I woke up on Wednesday morning, day 10, fever free and full of energy. It was the last day of school, and the last day of early morning seminary at our house (a daily high school Bible Study class at 6:00 a.m.). I went for a run. I found some cans of orange rolls and biscuits in the fridge, quickly put them in the oven, added some white gravy (the easy Sam’s club mix), and we were set with a surprise last day of seminary snack. Later, Scott Jr. and I cleaned out the garage. Day 10 was an amazing day!
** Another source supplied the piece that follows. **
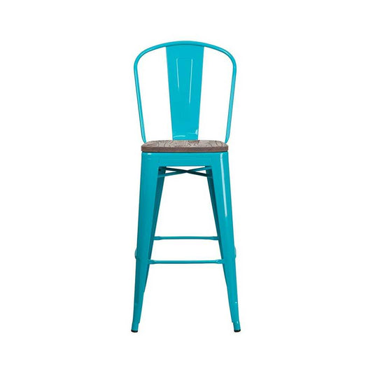 30" High Crystal Teal-Blue Metal Barstool with Back and Wood Seat

I am continually thankful for so many angels in my life. My angel friend Krista in Pennsylvania sent a new book that she loved. Day 9 in bed with a fever gave me a chance to start it…..I enjoyed it so much, I finished it the next day!! It was powerful, touching, and motivational. I’ll be passing it around my family this summer, but will gladly loan it to anyone nearby once it is available. “Heaven is Here,” by Stephanie Nielson. It came out in April 2012. Her book referred to a talk given by Jeffrey Holland, who is one of the 12 apostles in our church. The book mentioned that when he wrote this talk, he was mindful of the Nielson family’s challenges. It brought great strength to Stephanie, who is a walking miracle. My New Life is an 8 minute video that tells her story in brief. She later met Jeffrey Holland, and he told her something beautiful. From page 293:
“As we talked he told me to be proud of my scars. ‘We look for Christ’s scars because they are evidence of what He did for us. They’ll be the first things He shows us when we see Him again. Your scars tell a story, too. Although they may not make you feel attractive, they are a witness of a miracle, that God blessed you to live, and that you have accomplished very difficult things.”
I remember listening to this talk in 2009. I really enjoyed re-reading it this morning. One of my favorite quotes: “I have spoken here of heavenly help, of angels dispatched to bless us in time of need. But when we speak of those who are instruments in the hand of God, we are reminded that not all angels are from the other side of the veil. Some of them we walk with and talk with—here, now, every day. Some of them reside in our own neighborhoods. Some of them gave birth to us, and in my case, one of them consented to marry me. Indeed heaven never seems closer than when we see the love of God manifested in the kindness and devotion of people so good and so pure that angelic is the only word that comes to mind." Jeffrey Holland, The Ministry of Angels
I’m thankful for the loving angels surrounding me—which includes all that are climbing this mountain with me through your prayers, words of encouragement, suggestions, kindnesses, and love.